1) Bitfinex minute data eth_btc producing ingestion error. This is error occur even when manually ingesting the data. Therefore Bitfinex is still not working as expected since 0.3.X.

2) Manually ingesting data but requesting even earlier data: Example: catalyst clean-exchange -x poloniex catalyst ingest-exchange -x poloniex -f minute -s 2017-01-01 -e 2017-10-30 Run simple_universe.py (my script in PR). Range: start_date=2017-01-08, end_date=2017-10-15 <-- This works Range: start_date=2016-12-30, end_date=2017-10-15 <-- Gives Error

Error: All nan values imprinted. This data didn't exist and it should have tried and ingest it, but never did.

fredfortier commented 6 years ago

I just noticed an important detail in your earlier comment:

Bitfinex minute data eth_btc producing ingestion error.

How do you reproduce this particular condition? This command seems to work well for me:

catalyst ingest-exchange -x bitfinex -i eth_btc -f minute 

It's possible that the issue was resolved by changes to the bundle related to issue #54.

I'm investigating the other conditions.

fredfortier commented 6 years ago

I made two adjustments which seem to address NaN issues when auto-ingesting on top of partially available data:

  1. Re-instantiate the bcolz bar reader: The bar reader object keeps some data in memory which seemed to be a problem only when ingesting data to currency pairs already partially in the main bundle.
  2. Re-download bad temp bundles: I have noticed that aborting an ingestion job sometimes result in a bad bundle in the temp_bundles folder. We now anticipate this condition and replace the bundle when needed.

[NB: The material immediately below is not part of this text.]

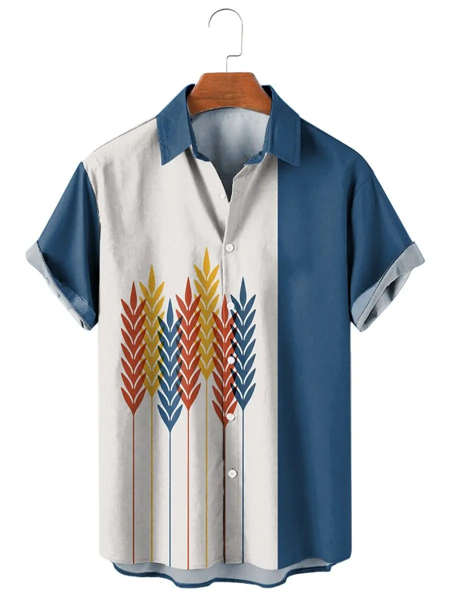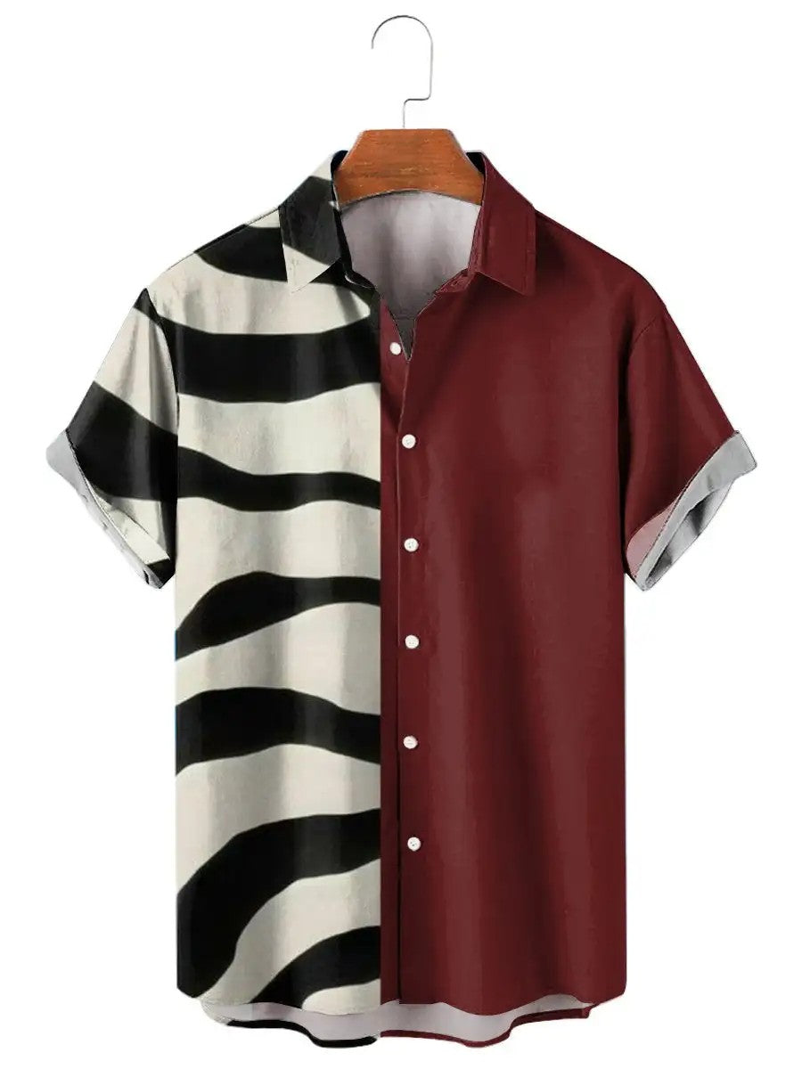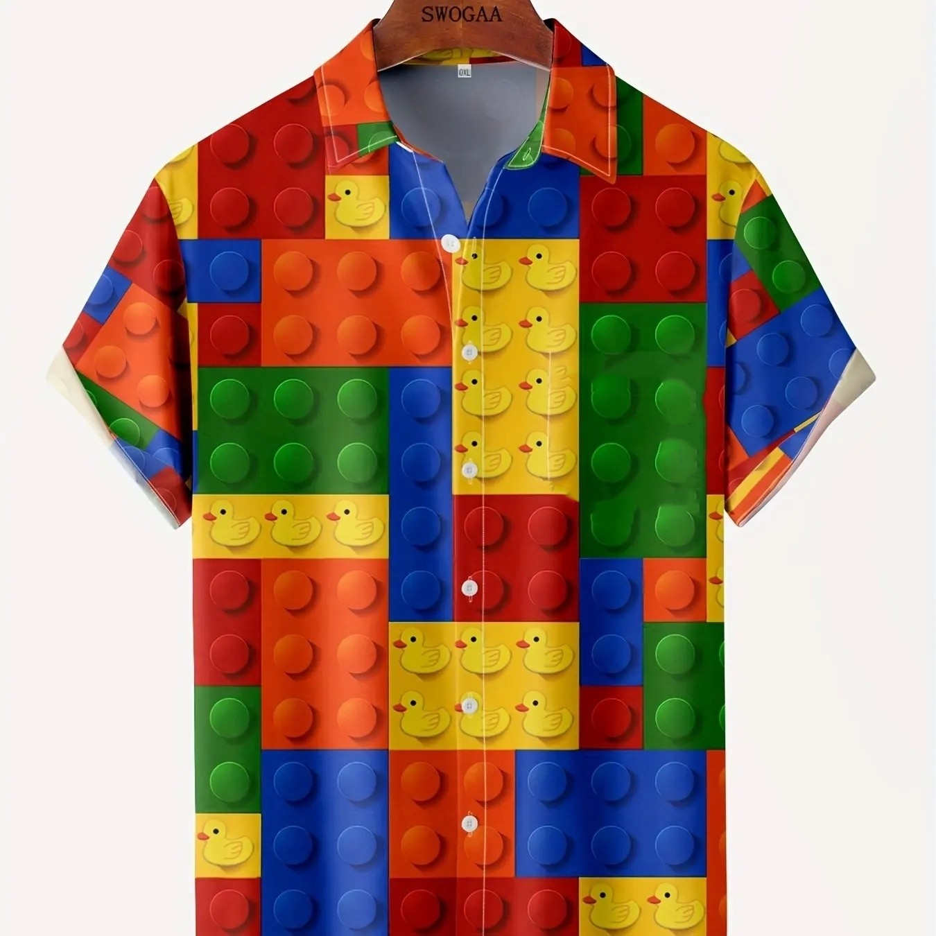 Men's Hawaiian Fashion Style Patchwork Plaid 3D Print Summer Shirt For Men Casual Short Sleeve Retro Funny Male Clothes Vintage

I'm now investigating this condition more closely: "Manually ingesting data but requesting even earlier data".

avn3r commented 6 years ago

With respect to error one eth_btc i just meant the error you reported.

You:

I'm not sure if it's the same issue, but I did find something. I came across a use case where it was periodically trying to ingest data for some bars even after running the same algo multiple times.

Here is the error message:

handling bar: 2017-06-01 23:59:00+00:00
got price 0.091554
[2017-11-03 23:49:41.897220] INFO: exchange_bundle: pricing data for [u'eth_btc'] not found in range 2017-05-31 22:40:00+00:00 to 2017-06-01 00:00:00+00:00, updating the bundles.
    [====================================]  Ingesting minute price data for eth_btc on bitfinex:  100%
Pricing data close for trading pairs eth_btc trading on exchange bitfinex since 2016-03-09 00:00:00+00:00 is unavailable. The bundle data is either out-of-date or has not been loaded yet. Please ingest data using the command `catalyst ingest-exchange -x bitfinex -f minute -i eth_btc`. See catalyst documentation for details.
I dumped the bundle into a csv file and found this"

2017-05-31   23:56:00+00:00 | 0.050334 | 0.050334 | 0.050334 | 0.050334 | 0
-- | -- | -- | -- | -- | --
2017-05-31 23:57:00+00:00 | 0.050334 | 0.050334 | 0.050334 | 0.050334 | 0
2017-05-31 23:58:00+00:00 | 0.050334 | 0.050334 | 0.050334 | 0.050334 | 0
2017-05-31 23:59:00+00:00 | 0.050334 | 0.050334 | 0.050334 | 0.050334 | 0
2017-06-01 00:00:00+00:00 |   |   |   |   | 0
2017-06-01 00:01:00+00:00 | 0.09981799 | 0.09981799 | 0.09981799 | 0.09981799 | 2.25752429
2017-06-01 00:02:00+00:00 | 0.09981799 | 0.09981799 | 0.09981799 | 0.09981799 | 0
There is an empty row on 2017-06-01 which seem to explain the error. I'm investing this now to determine the root cause.
fredfortier commented 6 years ago

Waiting for #54 and #53 to complete validation.

fredfortier commented 6 years ago

After even more testing, I still observed instances of NaN entries during auto-ingestion. I believe that it's a caching issue with the writer and reader but it's hard to pinpoint the exact root cause. We may consider disabling auto-ingestion temporally as these issues don't seem to occur when populating the bundles separately.

avn3r commented 6 years ago

No worries.

Just make sure to document about manual ingest on the documentation for both Installation and beginner tutorial so people know they first have to ingest and how should they ingest. Current documentation doesn't talk much about manual ingesting besides the parameters available.

avn3r commented 6 years ago

...

avn3r commented 6 years ago

Seems all error have been fixed with 0.3.8+. Feel free to go ahead and close this issue.

lenak25 commented 6 years ago

@abnera , closing this issue with regards to your last comment.